First, the DSPM solution must identify all the sensitive cloud data, from intellectual property to financial to PII/PCI/PHI.Then, it gathers all the information about what data is being shared with whom, and tracks data lineage as it moves across the environment. Identifying where the data may be at risk is a crucial step, as it provides visibility into which data is being shared in accordance with corporate security guidelines and where violations are happening. Typically, the DSPM will alert SOC analysts to provide actionable insights. Finally, and perhaps most importantly, DSPM can remediate those issues as they are happening. For example, it might fix access control issues or permissions. Or, it may disable sharing a sensitive file with a third party that should not be shared.
With Cloud, every file or data element can be easily shared or exposed to anyone around the globe. And this data can also be easily copied, duplicated, modified and shared. Imagine 100 variations of a redlined sensitive contract that needs to be protected, with each version containing different access privileges.
This presents some unique security challenges, which DSPM can address with the right tools.  The problem is, there are very few tools available for detecting and classifying data everywhere in a cloud app and even fewer solutions that can offer the security context for risk to that data much less the ability to remediate the risks to that data.

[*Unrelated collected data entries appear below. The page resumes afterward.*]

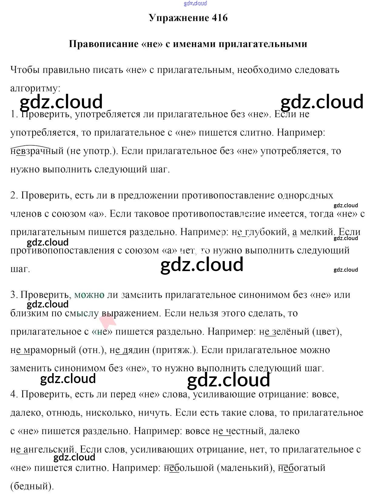 Ответ на задание 416 Учебник Русский язык за 6 (шестой) класс Мурина, Литвинко, Николаенко 2020 Часть
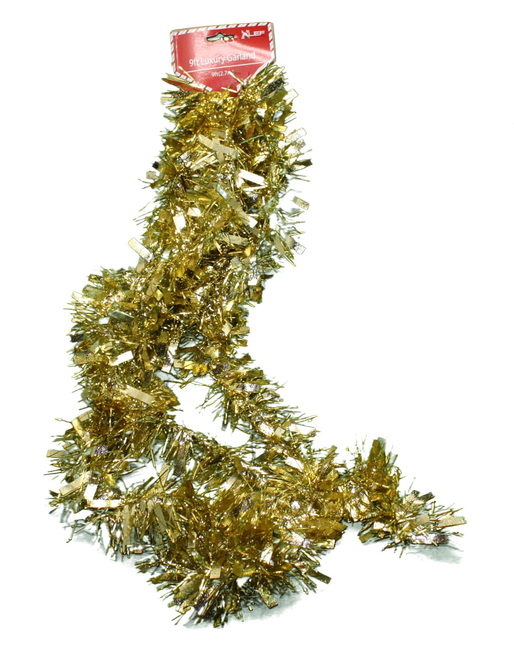 Add a touch of glamour and sparkle to your holiday decor with our stunning Gold Foil Garland! Measuring 9 feet long and approximately 3 inches wide, this lush garland features a vibrant, reflective foil that creates a dazzling shimmer, perfect for catching the light and drawing attention. With a standard strip cut on every strand, it offers a rich and textured appearance that enhances any festive setting.
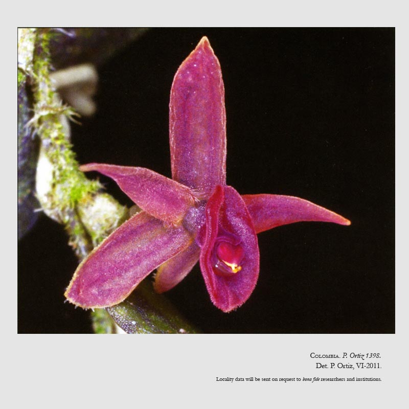 Found in Antioquia department of Colombia in cloud forests at elevations around 2590 meters as a miniature sized, cold growing epiphyte with ramicauls enveloped by 2 to 3, shortly ciliate lepanthiform sheaths and carrying a single, apical, descending, widely elliptic, glabrous, shortly ciliate margined, rounded below into the petiolate base leaf that blooms in the fall on a .08" [2 mm] long single flowered inflorescence.
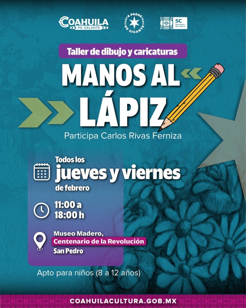 Saltillo, Coah., 5 de febrero de 2026.- La Secretaría de Cultura de Coahuila presenta la cartelera de actividades culturales del mes de febrero de 2026, con una programación que articula conmemoraciones históricas, actividades artísticas, fomento a la lectura y presencia permanente en museos, escuelas y espacios públicos del estado.
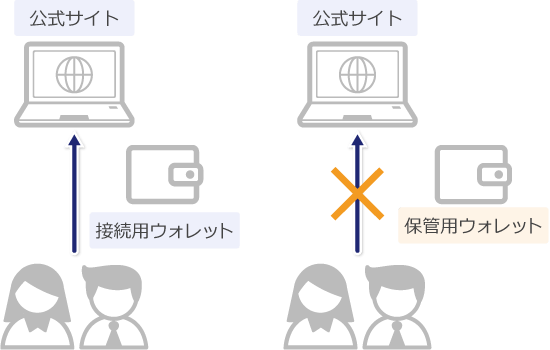 イーサリアムなどのウォレットアドレスは、複数個持つことができます。そこで、ブロックチェーンに接続しない、保管するためだけのウォレットを作っておくと安心です。こうすることで、不注意でフィッシング詐欺のサービスにウォレットを接続してしまっても、NFTを守ることができます。
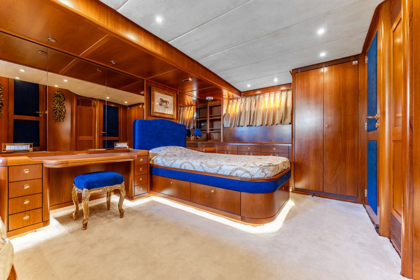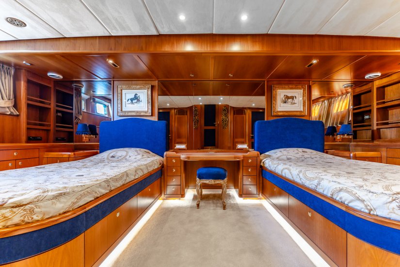 Oorspronkelijk werd het jacht ontworpen met drie hutten en een bemanningshut in het voorschip (voor vier personen), maar de eerste eigenaar koos ervoor om de twee voorste hutten samen te voegen tot één royale, volle-breedte hut met ensuite badkamer.
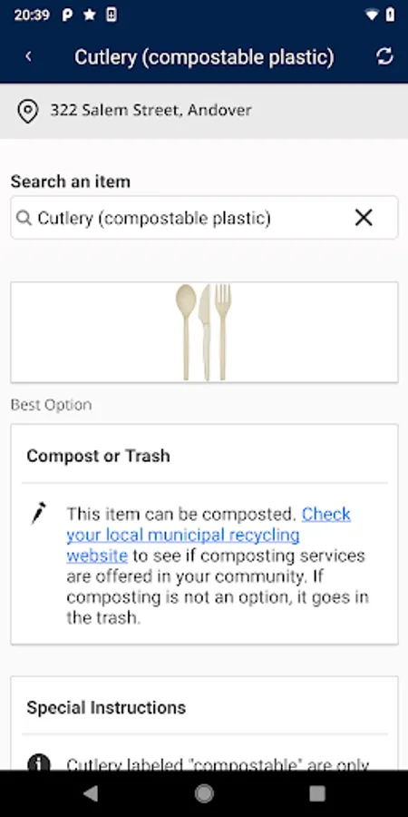 Search for waste materials to learn how they can be recycled, composted, or disposed of, in the Town of Andover.
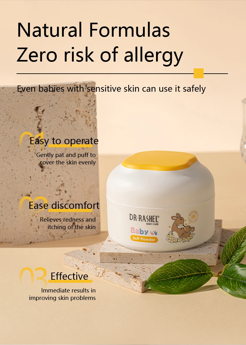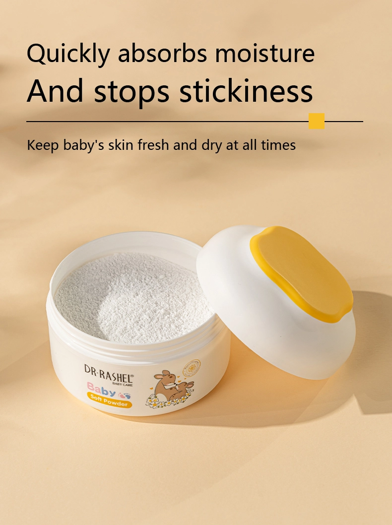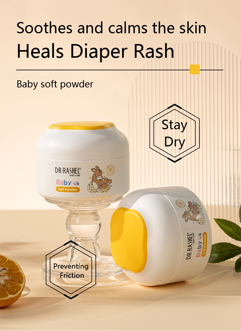 Dr. Rashel Soothe your baby’s senses after bath time or while diapering with baby powder. Our baby powder helps soothe, heal and prevent nappy rash. The soft, fine powder absorbs moisture quickly and is easy to apply to all those tricky baby skin folds. An effective barrier against wetness and irritation, as well as helping prevent chafing.

How does DSPM compare to CSPM?

Cloud Security Posture Management (CSPM) can scan a wide variety of cloud resources, giving organizations an in-depth and detailed analysis of issues such as misconfigurations and compliance violations in their cloud environment. Numerous tools offer CSPM, and some leverage feature sets that include a Cloud Workload Protection Platform(CWPP) that scans for vulnerabilities (this combination is often called a Cloud-Native Application Protection Platform (CNAPP). In the end, the more comprehensive tools provide a more in-depth analysis of threats. But compared to DSPM; CSPM and CWPP cannot identify what data is actually at risk. Additionally, it cannot recognize what security posture it should adhere to — meaning who owns the data and who has access to it.
DSPM focuses squarely on the data layer, from identifying sensitive data to monitoring and identifying risk to business-critical data such as inappropriate entitlements or access. Modern DSPM tools can identify risks and remediate those issues by fixing permissions and entitlements.
While CSPM focuses on infrastructure-level issues that can place networks and infrastructure at risk, DSPM focuses on data layer risk that can cause a data breach or loss.
So, the most significant difference between the two types of posture management comes down to context. Instead of being data agnostic like CSPM, DSPM operates on the assumption that not all data is equal nor should it require a similar security posture. Not only does DSPM offer data discovery and classification, it also manages what security posture should be maintained.
Today, some CNAPP/CSPM/CWPP solutions have added some very limited DSPM capabilities focused on classifying data-at-rest in active cloud storage such as S3 buckets in AWS or Blobs in Microsoft Azure. Even the cloud providers themselves offer only limited visibility within their own platforms.  Don’t settle for a DSPM solution that can’t detect, classify, analyze security context, and remediate risks to your data everywhere in your cloud and Kubernetes environments.

Microsec.AI and DSPM

Microsec.AI began as a DSPM solution for cloud and Kubernetes before these capabilities even had a special name (back then we called it cloud DLP). We founded Microsec because it was obvious to us that CSPM and CWPP were fatally flawed as solutions. They have no idea what and where sensitive data is in a cloud environment and certainly no way to provide security context or remediation for data risk. Today Microsec.AI includes the ability to detect and classify data in buckets, blobs, file, queue, standard, nearline, coldline, databases, persistent volumes, attached volumes, and in east/west traffic within a cloud application. And our DSPM/CNAPP solution uses the security context with that data knowledge to automatically remediate risks to sensitive data such as exposures, abnormal access, or data flow to risky workloads.